MOTHERS-TO-BE in Malawi face a healthcare system rapidly heading back towards the same standard as in medieval Scotland, and much of the blame is being placed on the NHS for recruiting midwives and nurses to fill British skill shortages.

That message, from the southern African country's leading obstetricians yesterday, emphasised the bleak picture of healthcare laid bare for Jack McConnell as he faced criticism that essential staff are being attracted to jobs which pay as much as 60 times more than in their homeland.

One clinician, wishing to remain anonymous, said the staffing crisis ref lects the old colonial approach - except that instead of mining for gold and diamonds, Europeans are now going to Africa to "mine for nurses".

Although the first minister has made the attraction of "fresh talent" to Scotland one of his key policies, he promised there will be no further active recruitment from Africa into the NHS, but added that he cannot stop Africans applying for jobs.

"We don't, we shouldn't and we won't directly recruit from Africa, " he told the country's deputy health minister and a gathering of students in the capital, Lilongwe. "If people want to come and work in Scotland, we can't stop them, but we won't recruit."

Yesterday was the second of five days Mr McConnell is spending in the former colony, in which he is setting out a new partnership aimed at mobilising Scots to embark on a concerted movement to tackle poverty here.

The day's focus on health took him to Bottom Hospital, the country's leading public maternity clinic, where more than 11,000 babies are born each year, roughly 2000 of them with serious complications.

It had been spruced up, partly for his visit, and partly because a team of Scottish midwives and an obstetrician arrived 10 days ago to train staff, and have scrubbed and painted the labour ward. Their efforts were rewarded yesterday with pounds-360,000 of Scottish Executive support over three years, to continue the training programme and to train local midwife instructors. The group said, only a week ago, that they found dead babies awaiting burial, stacked on shelves intended for storing drugs.

Many women have to wait to be treated while lying on filthy, concrete floors. There are few sheets and hardly any equipment. The hospital has no blood-pressure monitor, and caesarean sections have to be carried out without gloves or swabs.

Dr Graeme Walker, an Edinburgh obstetrician on the midwife training course, said the conditions when he arrived last week were "appalling beyond belief.

"There was blood caked on the beds that had been there for months, and rusty razor blades they use to cut the umbilical cords also caked on to the floor. There was blood on the walls. Sinks were blocked. It was absolutely appalling."

He added: "I've been at Simpson's (the Edinburgh maternity pavilion) for eight years and never seen a maternal death. Here, a woman dies every six days."

Staffing is woefully inadequate. Bottom Hospital, named to distinguish it from the Central Hospital at the top of one of Lilongwe's hills, should have 20 midwives, but it has only seven.

Dr Grace Mary Chiudza, the senior local obstetrician, says it has lost them to attractive foreign salaries, mainly in Britain, even though they would prefer to remain in Malawi.

As the biggest individual donor to Malawi, the UK government has recognised the problem, and is funding it to double clinical salaries over three years. But that will still leave some midwives on well under pounds-100 per month.

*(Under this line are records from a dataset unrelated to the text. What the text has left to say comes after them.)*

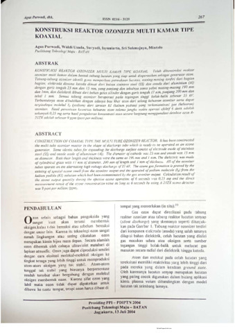 Agus Purwadi and Widdi Usada and Suryadi and Isyuniarto and Sri Sukmajaya and Mintolo (2004) Konstruksi reaktor ozonizer multi kamar tipe koaxial. Prosiding Pertemuan dan Presentasi Ilmiah Penelitian Dasar Ilmu Pengetahuan dan Teknologi Nuklir: 34. pp. 1-8. ISSN 0216-3128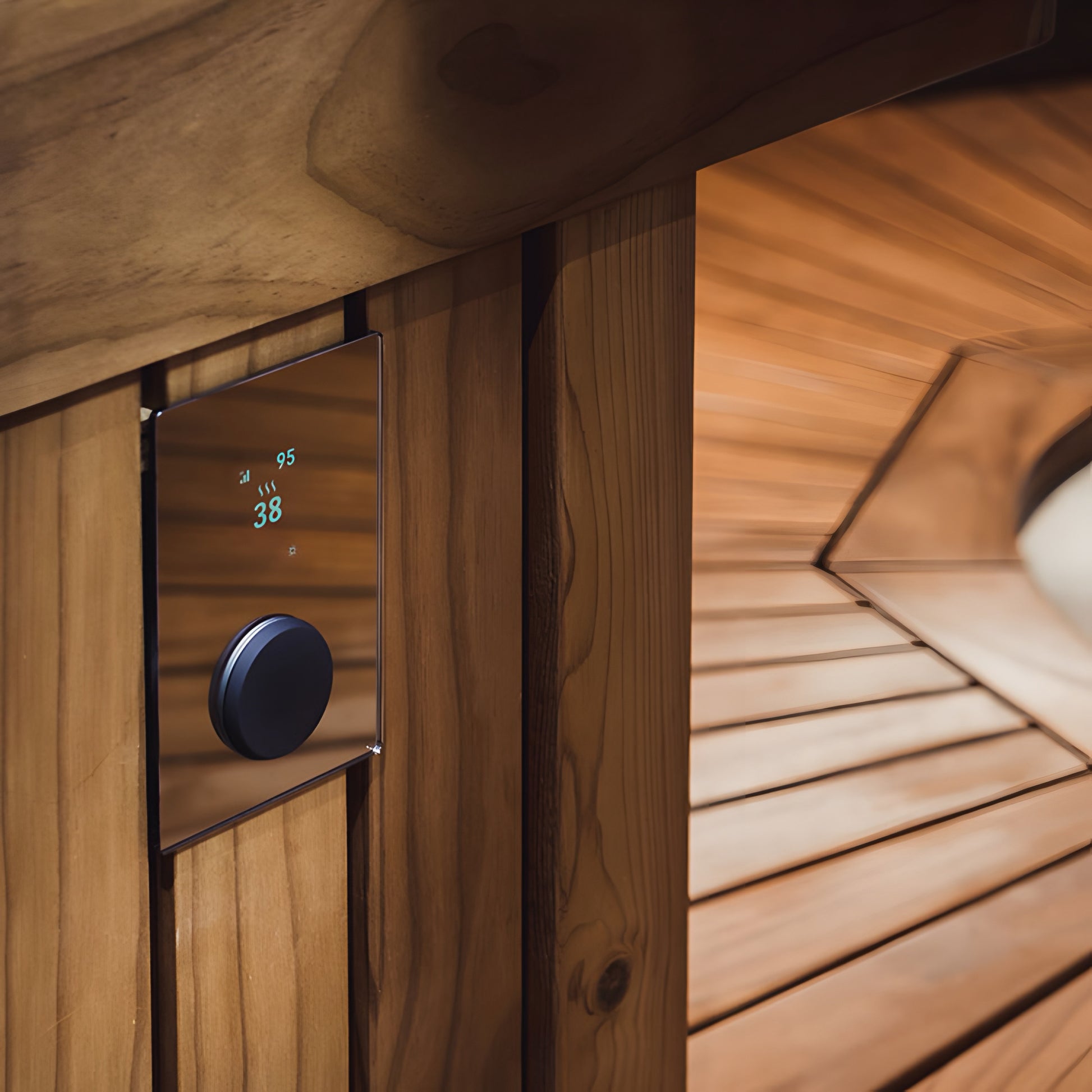 Der UKU Wi‑Fi Mirror ist eine Premium-Sauna-Steuerung mit hochmodernem, spiegelndem Glaspanel. Sie ermöglicht die Steuerung Ihrer Sauna direkt über das Panel oder mobil via HUUM-App – egal, ob Sie zu Hause, im Büro oder unterwegs sind.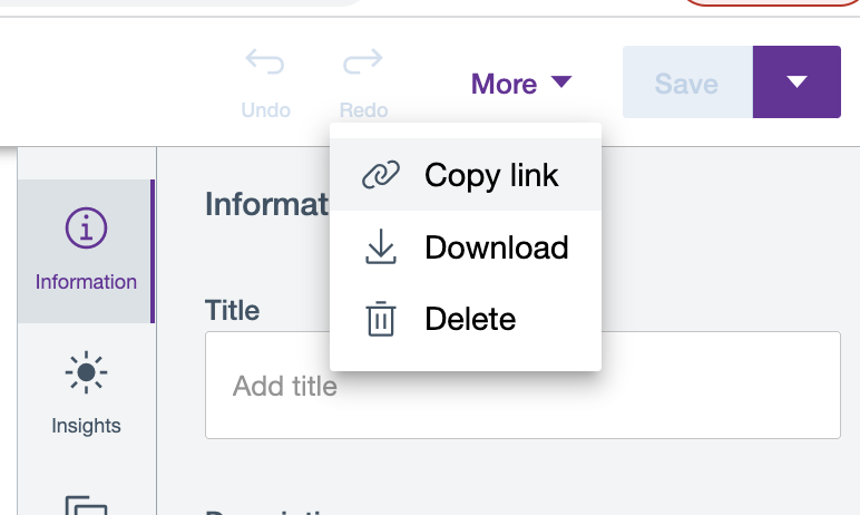 In contrast, a binaryUrl you get from Copy link on the Edit page, consists of a string of characters representing the collection_id, item_id, and rendition_id.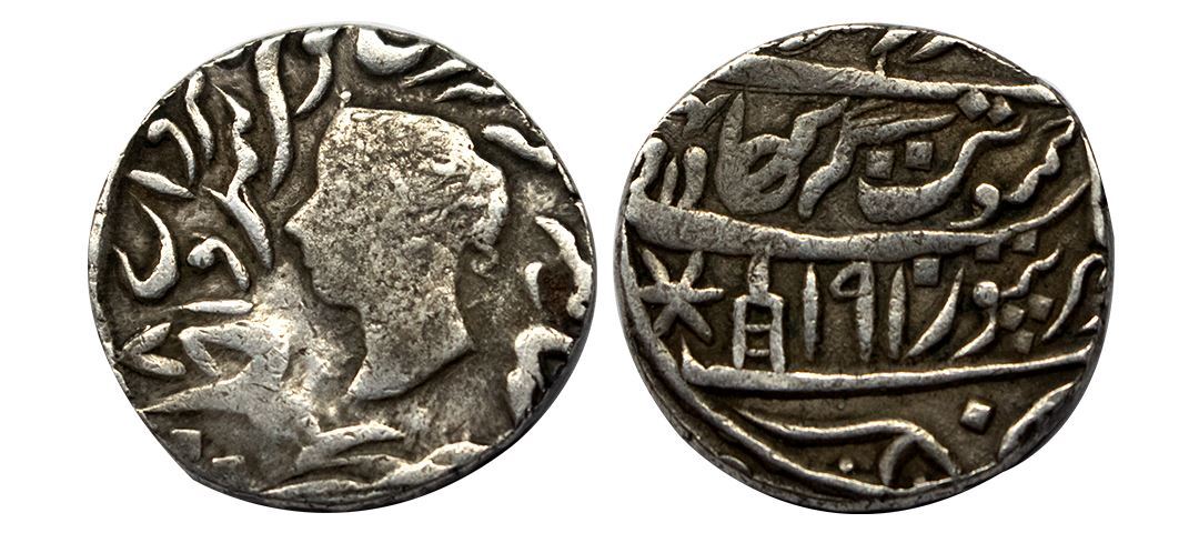 Jaswant Singh (AH 1269-1311; 1853-1893 AD, Silver Rupee, 11.04g, Bharatpur Mint, with the name and portrait of Queen Victoria, VS 1910, with star and katar (dagger) on rev. (KM 156). Very Fine+, Rare.

Tarek Meguid, an EgyptianGerman doctor, has worked at Bottom Hospital for a year, during which there have been 68 maternal deaths.

"This is outrageous, and it's a human rights issue. This is like medieval times. The maternal mortality rate is like Edinburgh in 1500."

He said it took a political decision to set about reducing maternal mortality in Europe and America, and it will take the same in Africa: "Money goes to the people who cry loudest, but these people have three common characteristics: they are poor, voiceless and female."

Part of that political response came from Mr McConnell, who said his anger at African poverty had been increased by what he saw: "What we've seen here, in terms of human resources and training, is the scale of the problem. And we in Scotland can make a contribution, with skills, experience and generosity that I'm sure can touch some of the challenges."

In the face of such compelling evidence that migration of its qualified people is damaging African economies and public services, he defended his Fresh Talent initiative, as seeking to attract only those who have already decided they want to emigrate.

He wants a two-way traffic, with Scots working in Africa and helping, as the midwifery team is doing.